PROSECUTOR VOINEA’S CAMPAIGN TO SANITIZE

THE ROMANIAN REVOLUTION OF DECEMBER 1989

by Richard Andrew Hall

Disclaimer:  All statements of fact, opinion, or analysis expressed are those of the author and do not reflect the official positions or views of the Central Intelligence Agency (CIA) or any other U.S. Government agency.  Nothing in the contents should be construed as asserting or implying U.S. Government authentication of information or CIA endorsement of the author’s views.  This material has been reviewed by CIA to prevent the disclosure of classified information.

This paper MAY be cited when accompanied by a full, proper citation.  Thank you.

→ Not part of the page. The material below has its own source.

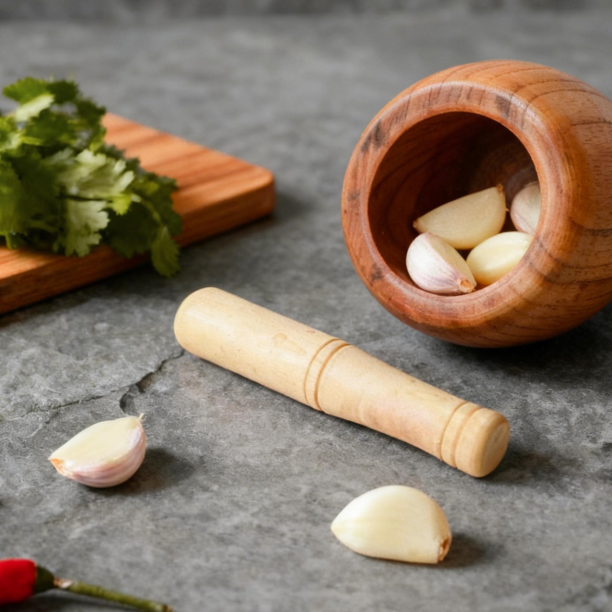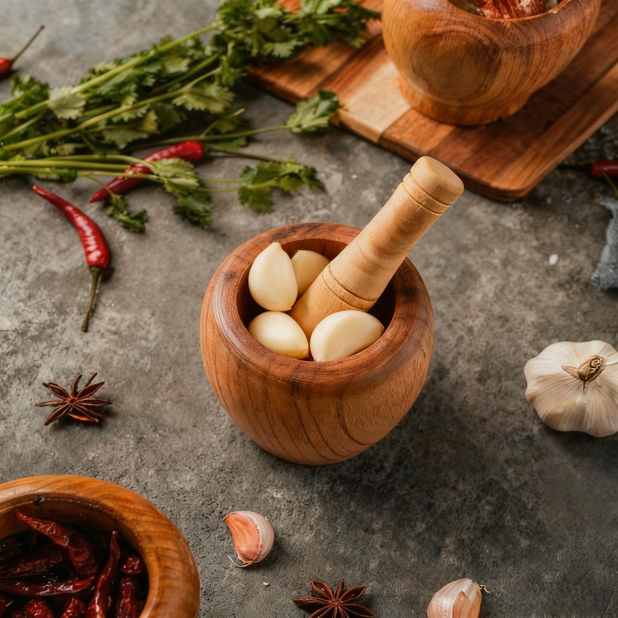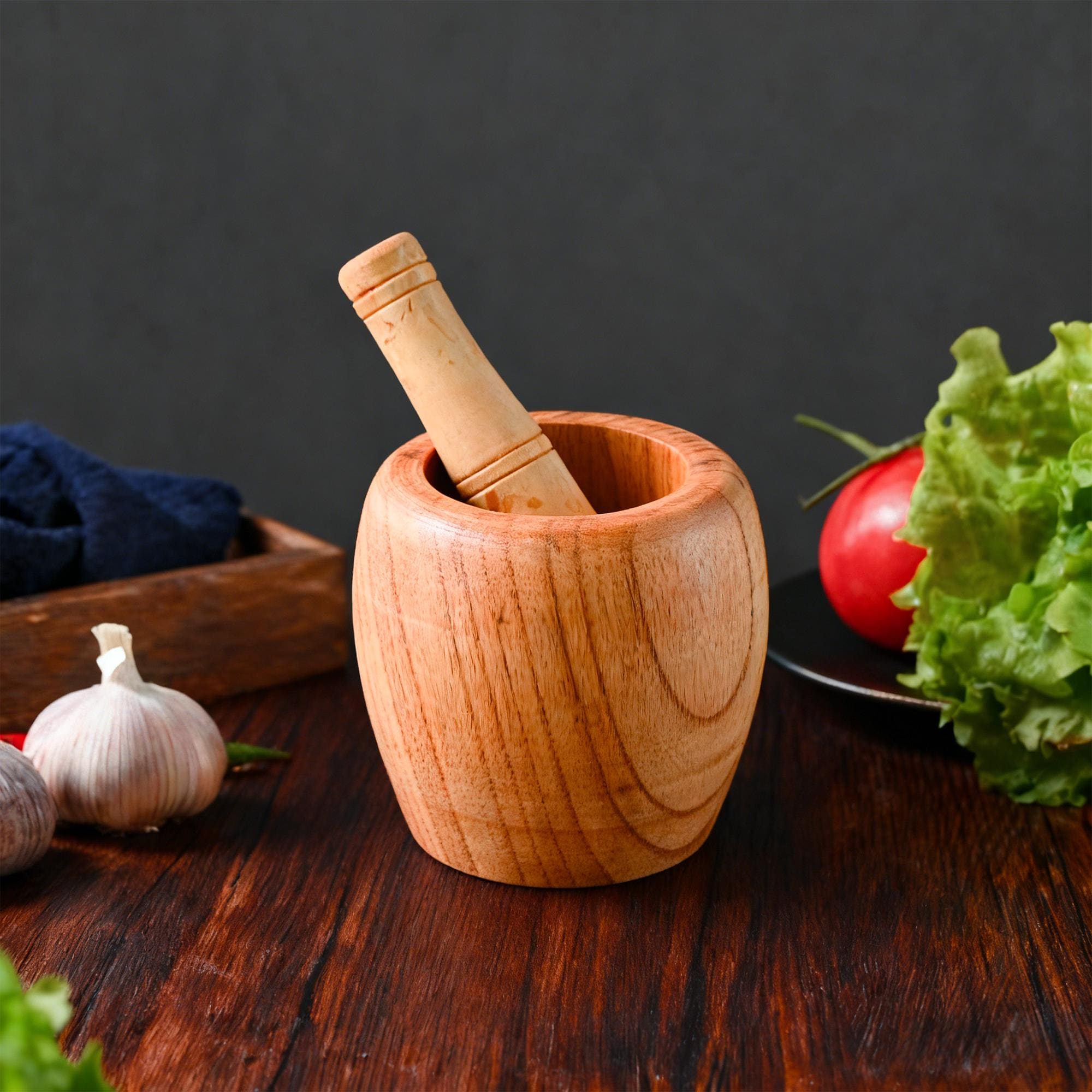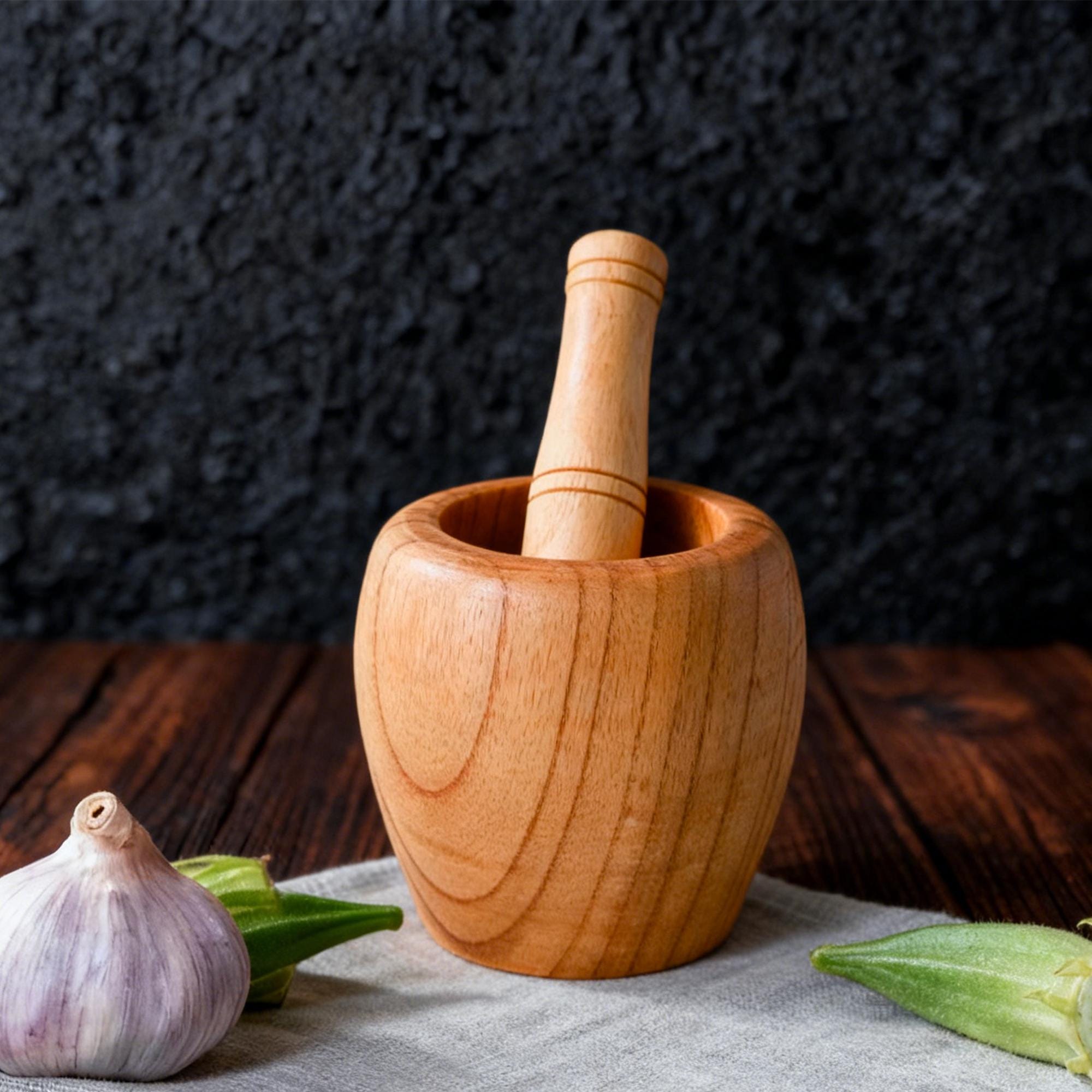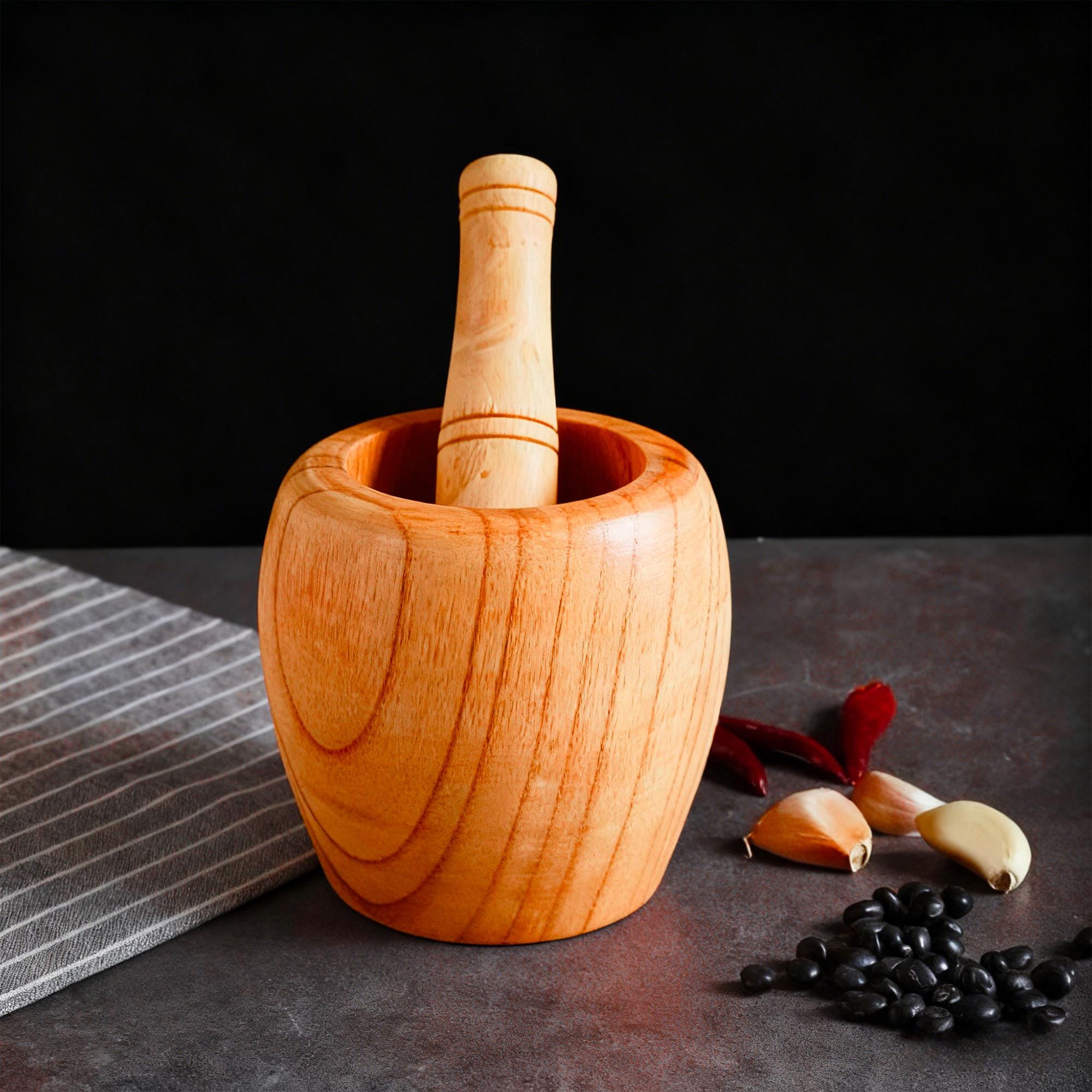 Elevate your cooking with the authentic touch of handmade craftsmanship. Add this essential Wood Mortar and Pestle Set to your kitchen today!
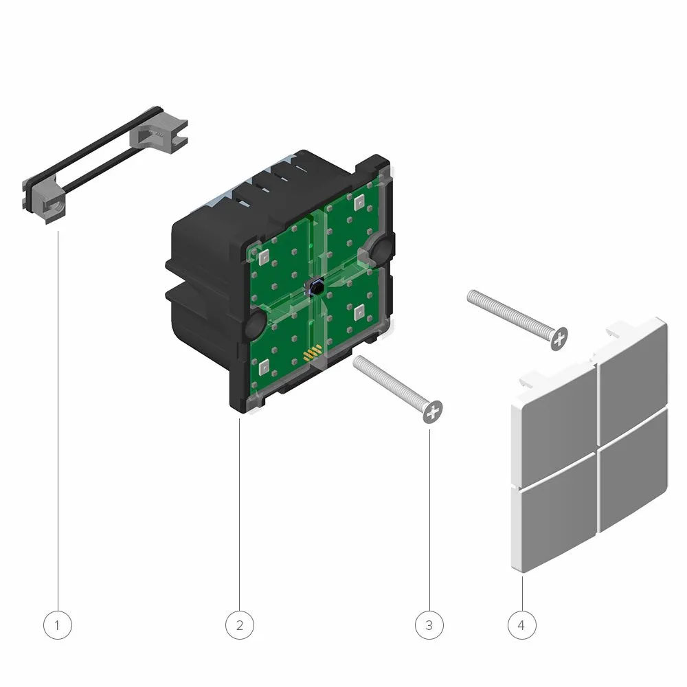 With the innovative Matrix ZRB5120, light has been added to the traditional wall switch and combined with wireless communication. ZRB5120 features two relay switches, backlighting, and wireless Z-Wave communication with 4 scene controllers. Replace your old wall switch or control lamps with high load using an intelligent control switch. The built-in relays can control two local loads, such as lamp sockets, and thus replace a standard two-pole switch. Use ZRB5120 when you want to control two different light sources separately, or where you cannot use a dimmer. It can turn on and off two separate devices, with a maximum total load of 5A or 1000W for both relays. Designed to fit into all FUGA® compatible frames, boxes, and bases. Functions as a Z-Wave network repeater to strengthen the network. The four buttons are designed with quality and tactile feedback in mind. Up to 16 different options with single press, double press, triple press, long press, and release on each of the four buttons. Elegant and easy-to-clean front. No visible fingerprints. The buttons can light up in any color and be used to indicate the status of a lamp, for night lights, visual alarms, and much more. Ideal for converting an IHC installation as it can operate on a voltage between 48-55V DC, allowing you to use the existing IHC Link10 cables.

The Drumbeat of the Myth of the “Heroic” Prosecutor Voinea Grows Nearer

The construction of Prosecutor Dan Voinea’s “heroic” image—better yet, myth[175]—is well under way.  No doubt, the story will be ineluctable for the international press (already in June 2006 Le Monde ran an article of the kind)[176] once Voinea “finalizes” the files of the Revolution, perhaps this December, in time for the 17th anniversary of the events (fittingly, a decade since the anti-Iliescu opposition first came to power).  And it undeniably makes for a great story:  the man who was one of the tribunal that sentenced Ceausescu to death “admits to having been duped,” he has since committed himself to a one-man struggle for the “truth”…and finally it is being realized.  Romania’s long nightmare, as Voinea has referred to it, will finally be over. [177]

Or will it?

Even if Voinea were getting things right, it is true the second-guessing, questioning, and reconsideration would continue.  That is simply the nature of human events, especially contentious key historical moments in a modern media age.  But I believe the accumulation through the years of so much convincing countervailing evidence, the continued telling and retelling by participants of accounts that don’t square with Voinea’s forced conclusions—despite the deaf ear much of the Romanian media has shown toward them—and Voinea’s ties to the Ceausescu regime (a military prosecutor since 1982) and his presence and role at the trial of the Ceausescus, will provide more impetus for reinterpretation and challenges to Voinea’s conclusions than a typical historical event does.

At the same time, the “group think” among Romanian journalists and intellectuals that has prevailed on the question of the “terrorists” for so long and the conviction and certainty of so many of them—captured so well in Stejarel Olaru’s wish expressed to Voinea in his open letter quoted earlier:  “…on 17 December 2006 I can enjoy for the rest of my long life that I could see two defendants in the box and not just one:  Nicolae Ceausescu and Ion Iliescu”—will continue to prevent acceptance and serious presentation and discussion of any evidence that does not incriminate Iliescu and other senior Front officials of the time.

So the next stage in this—and one cannot be clear how long this will take or how strong it will be—is likely the argument that the “terrorists” did in fact exist, and that Voinea’s decision to argue otherwise is designed to protect Iliescu and his comrades from even greater embarrassment and punishment.[178] True, that will still leave us a fair distance from what happened, but at least it will bring us a step to closer to admitting the “terrorists” existence and revealing their affiliation with the Securitate.  Small steps are probably the best we can hope for, given the present starting point.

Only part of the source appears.